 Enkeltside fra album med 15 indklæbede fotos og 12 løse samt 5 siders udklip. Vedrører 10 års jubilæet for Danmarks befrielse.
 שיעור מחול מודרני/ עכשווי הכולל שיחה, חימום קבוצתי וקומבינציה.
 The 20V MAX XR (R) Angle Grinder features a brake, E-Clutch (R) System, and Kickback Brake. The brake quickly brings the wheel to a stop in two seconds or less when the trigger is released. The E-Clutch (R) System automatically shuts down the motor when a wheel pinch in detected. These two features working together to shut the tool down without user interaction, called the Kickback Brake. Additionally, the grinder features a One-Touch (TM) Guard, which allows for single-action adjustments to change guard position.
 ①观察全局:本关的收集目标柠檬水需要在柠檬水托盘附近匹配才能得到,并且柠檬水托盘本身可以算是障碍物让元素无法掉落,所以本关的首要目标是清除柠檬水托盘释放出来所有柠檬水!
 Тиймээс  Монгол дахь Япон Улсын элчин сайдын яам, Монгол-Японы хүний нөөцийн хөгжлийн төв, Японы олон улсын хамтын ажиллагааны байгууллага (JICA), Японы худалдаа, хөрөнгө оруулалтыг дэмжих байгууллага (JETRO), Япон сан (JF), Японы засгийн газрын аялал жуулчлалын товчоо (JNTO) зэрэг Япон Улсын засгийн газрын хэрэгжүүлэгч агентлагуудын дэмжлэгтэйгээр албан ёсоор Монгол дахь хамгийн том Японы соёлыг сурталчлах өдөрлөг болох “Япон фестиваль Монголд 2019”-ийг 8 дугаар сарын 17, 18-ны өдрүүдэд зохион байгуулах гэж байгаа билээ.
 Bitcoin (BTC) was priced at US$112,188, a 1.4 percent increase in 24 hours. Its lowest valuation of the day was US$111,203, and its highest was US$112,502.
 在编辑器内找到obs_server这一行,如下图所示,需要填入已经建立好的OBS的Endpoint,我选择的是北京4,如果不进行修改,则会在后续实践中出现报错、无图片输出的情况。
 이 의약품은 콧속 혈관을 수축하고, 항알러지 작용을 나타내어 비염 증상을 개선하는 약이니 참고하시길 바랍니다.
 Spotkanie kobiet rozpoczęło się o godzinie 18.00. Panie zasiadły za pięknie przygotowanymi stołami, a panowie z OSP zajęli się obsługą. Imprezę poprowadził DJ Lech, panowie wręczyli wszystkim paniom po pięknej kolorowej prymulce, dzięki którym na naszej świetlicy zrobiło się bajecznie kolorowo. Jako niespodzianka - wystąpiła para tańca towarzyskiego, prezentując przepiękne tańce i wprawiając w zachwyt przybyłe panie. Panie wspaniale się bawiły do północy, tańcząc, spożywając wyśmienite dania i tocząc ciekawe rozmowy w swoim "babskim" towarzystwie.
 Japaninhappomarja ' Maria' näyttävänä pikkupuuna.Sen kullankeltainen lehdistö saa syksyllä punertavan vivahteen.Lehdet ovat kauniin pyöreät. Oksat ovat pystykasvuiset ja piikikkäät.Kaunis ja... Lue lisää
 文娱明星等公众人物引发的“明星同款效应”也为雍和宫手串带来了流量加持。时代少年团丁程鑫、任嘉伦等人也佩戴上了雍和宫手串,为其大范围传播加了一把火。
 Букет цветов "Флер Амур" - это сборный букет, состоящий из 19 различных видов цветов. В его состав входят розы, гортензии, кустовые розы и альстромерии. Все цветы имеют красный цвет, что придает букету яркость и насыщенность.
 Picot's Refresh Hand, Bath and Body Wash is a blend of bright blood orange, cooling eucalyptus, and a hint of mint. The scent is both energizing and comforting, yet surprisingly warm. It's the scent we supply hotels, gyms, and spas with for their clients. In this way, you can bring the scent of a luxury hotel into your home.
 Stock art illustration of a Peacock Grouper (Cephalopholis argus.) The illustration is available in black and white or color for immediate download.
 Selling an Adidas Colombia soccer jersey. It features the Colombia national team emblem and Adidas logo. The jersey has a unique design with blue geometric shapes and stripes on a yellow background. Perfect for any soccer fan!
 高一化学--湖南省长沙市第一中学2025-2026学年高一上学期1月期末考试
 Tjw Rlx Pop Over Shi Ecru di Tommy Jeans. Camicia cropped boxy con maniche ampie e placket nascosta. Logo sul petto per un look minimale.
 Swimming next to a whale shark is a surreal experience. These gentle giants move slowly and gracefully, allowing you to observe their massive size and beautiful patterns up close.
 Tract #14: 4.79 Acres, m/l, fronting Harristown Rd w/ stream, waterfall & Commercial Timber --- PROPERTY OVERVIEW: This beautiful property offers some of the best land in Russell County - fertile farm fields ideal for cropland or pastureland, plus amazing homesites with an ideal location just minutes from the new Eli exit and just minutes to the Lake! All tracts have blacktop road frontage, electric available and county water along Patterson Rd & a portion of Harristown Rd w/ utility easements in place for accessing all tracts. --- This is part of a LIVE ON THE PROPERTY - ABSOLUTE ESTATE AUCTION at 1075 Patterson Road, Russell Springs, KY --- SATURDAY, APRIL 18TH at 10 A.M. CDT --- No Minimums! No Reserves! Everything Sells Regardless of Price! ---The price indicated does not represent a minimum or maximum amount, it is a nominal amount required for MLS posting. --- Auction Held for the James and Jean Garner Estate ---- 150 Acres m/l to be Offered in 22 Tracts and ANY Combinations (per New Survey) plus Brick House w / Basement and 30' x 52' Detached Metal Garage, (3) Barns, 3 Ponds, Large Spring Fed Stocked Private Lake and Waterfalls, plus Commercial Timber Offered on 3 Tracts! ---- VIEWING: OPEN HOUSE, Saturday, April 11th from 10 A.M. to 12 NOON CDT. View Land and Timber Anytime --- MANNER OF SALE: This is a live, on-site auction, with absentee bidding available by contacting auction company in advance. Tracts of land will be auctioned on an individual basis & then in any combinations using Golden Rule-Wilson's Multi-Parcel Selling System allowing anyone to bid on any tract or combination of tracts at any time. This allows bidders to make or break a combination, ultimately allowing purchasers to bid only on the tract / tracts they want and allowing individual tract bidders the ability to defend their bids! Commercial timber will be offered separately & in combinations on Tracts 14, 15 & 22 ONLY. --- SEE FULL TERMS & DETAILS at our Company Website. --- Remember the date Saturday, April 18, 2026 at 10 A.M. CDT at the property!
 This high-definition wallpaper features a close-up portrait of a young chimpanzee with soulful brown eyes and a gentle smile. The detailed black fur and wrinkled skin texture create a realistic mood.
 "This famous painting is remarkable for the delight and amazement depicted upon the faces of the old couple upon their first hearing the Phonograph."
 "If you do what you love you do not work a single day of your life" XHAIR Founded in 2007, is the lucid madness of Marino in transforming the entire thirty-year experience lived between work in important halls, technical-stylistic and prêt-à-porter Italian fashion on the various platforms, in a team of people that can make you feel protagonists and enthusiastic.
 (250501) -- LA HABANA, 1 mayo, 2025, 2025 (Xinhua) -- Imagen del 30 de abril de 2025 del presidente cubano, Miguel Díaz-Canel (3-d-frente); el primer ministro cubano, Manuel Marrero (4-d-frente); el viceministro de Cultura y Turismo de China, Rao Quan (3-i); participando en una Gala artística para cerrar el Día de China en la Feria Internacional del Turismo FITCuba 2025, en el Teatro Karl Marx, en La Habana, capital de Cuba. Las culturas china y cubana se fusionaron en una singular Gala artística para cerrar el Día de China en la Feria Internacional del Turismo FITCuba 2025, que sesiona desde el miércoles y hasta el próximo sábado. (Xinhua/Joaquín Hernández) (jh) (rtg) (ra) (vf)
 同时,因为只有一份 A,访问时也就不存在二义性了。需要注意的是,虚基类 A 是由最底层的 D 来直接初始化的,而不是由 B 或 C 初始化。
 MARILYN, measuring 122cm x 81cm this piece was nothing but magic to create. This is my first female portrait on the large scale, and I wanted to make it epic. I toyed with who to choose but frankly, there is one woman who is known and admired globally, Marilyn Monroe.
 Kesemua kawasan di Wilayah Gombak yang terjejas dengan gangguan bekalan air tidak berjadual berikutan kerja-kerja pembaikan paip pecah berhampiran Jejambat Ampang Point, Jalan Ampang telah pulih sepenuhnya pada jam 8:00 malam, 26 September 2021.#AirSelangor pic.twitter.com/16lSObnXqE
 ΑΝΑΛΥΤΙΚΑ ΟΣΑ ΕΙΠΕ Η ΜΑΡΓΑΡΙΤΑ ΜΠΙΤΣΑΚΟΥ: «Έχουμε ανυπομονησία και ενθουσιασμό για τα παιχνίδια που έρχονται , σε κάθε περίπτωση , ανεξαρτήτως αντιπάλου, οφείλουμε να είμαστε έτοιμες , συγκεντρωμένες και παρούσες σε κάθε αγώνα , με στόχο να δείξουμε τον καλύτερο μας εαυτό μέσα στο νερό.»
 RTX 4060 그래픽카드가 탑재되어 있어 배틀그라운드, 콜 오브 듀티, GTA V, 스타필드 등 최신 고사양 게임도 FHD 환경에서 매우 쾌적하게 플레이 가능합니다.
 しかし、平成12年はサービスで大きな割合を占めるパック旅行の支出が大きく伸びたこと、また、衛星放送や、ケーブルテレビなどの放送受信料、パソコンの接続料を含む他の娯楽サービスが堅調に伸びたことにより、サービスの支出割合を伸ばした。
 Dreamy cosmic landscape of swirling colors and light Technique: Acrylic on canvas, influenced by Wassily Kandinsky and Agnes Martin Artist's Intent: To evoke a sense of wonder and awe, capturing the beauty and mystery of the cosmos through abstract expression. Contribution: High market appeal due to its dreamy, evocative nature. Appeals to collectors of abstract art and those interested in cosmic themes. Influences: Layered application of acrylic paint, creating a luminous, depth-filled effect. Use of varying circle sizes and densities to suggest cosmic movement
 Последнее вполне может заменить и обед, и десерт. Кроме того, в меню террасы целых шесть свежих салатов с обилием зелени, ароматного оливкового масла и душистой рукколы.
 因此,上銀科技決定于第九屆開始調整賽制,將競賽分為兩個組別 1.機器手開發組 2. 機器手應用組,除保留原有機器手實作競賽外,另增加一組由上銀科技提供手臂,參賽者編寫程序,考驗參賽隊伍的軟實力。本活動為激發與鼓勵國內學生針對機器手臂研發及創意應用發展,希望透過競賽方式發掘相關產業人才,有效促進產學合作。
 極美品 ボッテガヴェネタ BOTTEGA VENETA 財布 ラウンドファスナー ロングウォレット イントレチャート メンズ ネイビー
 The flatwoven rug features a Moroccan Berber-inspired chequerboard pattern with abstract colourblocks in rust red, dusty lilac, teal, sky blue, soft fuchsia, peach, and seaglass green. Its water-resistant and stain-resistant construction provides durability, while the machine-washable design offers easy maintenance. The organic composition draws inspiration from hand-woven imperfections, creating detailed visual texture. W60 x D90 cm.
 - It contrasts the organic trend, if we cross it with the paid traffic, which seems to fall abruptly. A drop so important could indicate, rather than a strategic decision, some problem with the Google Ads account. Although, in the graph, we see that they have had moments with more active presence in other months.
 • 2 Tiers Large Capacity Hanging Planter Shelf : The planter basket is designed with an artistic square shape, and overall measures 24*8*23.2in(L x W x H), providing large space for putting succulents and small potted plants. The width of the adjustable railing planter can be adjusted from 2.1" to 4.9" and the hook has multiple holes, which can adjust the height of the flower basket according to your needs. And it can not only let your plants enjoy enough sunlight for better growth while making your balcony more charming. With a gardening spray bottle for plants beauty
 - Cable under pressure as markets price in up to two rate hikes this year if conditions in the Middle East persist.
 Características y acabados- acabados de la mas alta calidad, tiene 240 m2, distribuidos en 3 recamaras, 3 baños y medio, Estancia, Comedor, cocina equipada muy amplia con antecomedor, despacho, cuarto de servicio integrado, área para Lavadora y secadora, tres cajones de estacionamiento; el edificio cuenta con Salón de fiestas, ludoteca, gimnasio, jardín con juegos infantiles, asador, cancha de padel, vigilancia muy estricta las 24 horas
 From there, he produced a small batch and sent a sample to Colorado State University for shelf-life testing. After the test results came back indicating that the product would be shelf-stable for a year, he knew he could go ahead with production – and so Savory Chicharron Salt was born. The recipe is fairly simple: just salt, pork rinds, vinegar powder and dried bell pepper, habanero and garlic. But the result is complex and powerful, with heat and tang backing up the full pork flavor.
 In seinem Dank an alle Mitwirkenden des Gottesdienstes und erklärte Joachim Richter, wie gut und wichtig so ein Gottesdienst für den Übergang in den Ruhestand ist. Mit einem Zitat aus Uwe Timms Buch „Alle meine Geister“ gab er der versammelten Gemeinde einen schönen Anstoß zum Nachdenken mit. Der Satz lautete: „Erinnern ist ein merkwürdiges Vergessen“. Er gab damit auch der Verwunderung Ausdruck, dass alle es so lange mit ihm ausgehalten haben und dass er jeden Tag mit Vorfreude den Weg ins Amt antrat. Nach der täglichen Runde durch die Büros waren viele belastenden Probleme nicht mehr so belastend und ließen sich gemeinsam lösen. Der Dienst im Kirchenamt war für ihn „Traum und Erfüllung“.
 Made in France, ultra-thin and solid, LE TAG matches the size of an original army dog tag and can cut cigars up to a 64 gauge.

************

Exercise objective: Pull every line containing "team" from the data.

Exercise answer:
 Selling an Adidas Colombia soccer jersey. It features the Colombia national team emblem and Adidas logo. The jersey has a unique design with blue geometric shapes and stripes on a yellow background. Perfect for any soccer fan!
 "If you do what you love you do not work a single day of your life" XHAIR Founded in 2007, is the lucid madness of Marino in transforming the entire thirty-year experience lived between work in important halls, technical-stylistic and prêt-à-porter Italian fashion on the various platforms, in a team of people that can make you feel protagonists and enthusiastic.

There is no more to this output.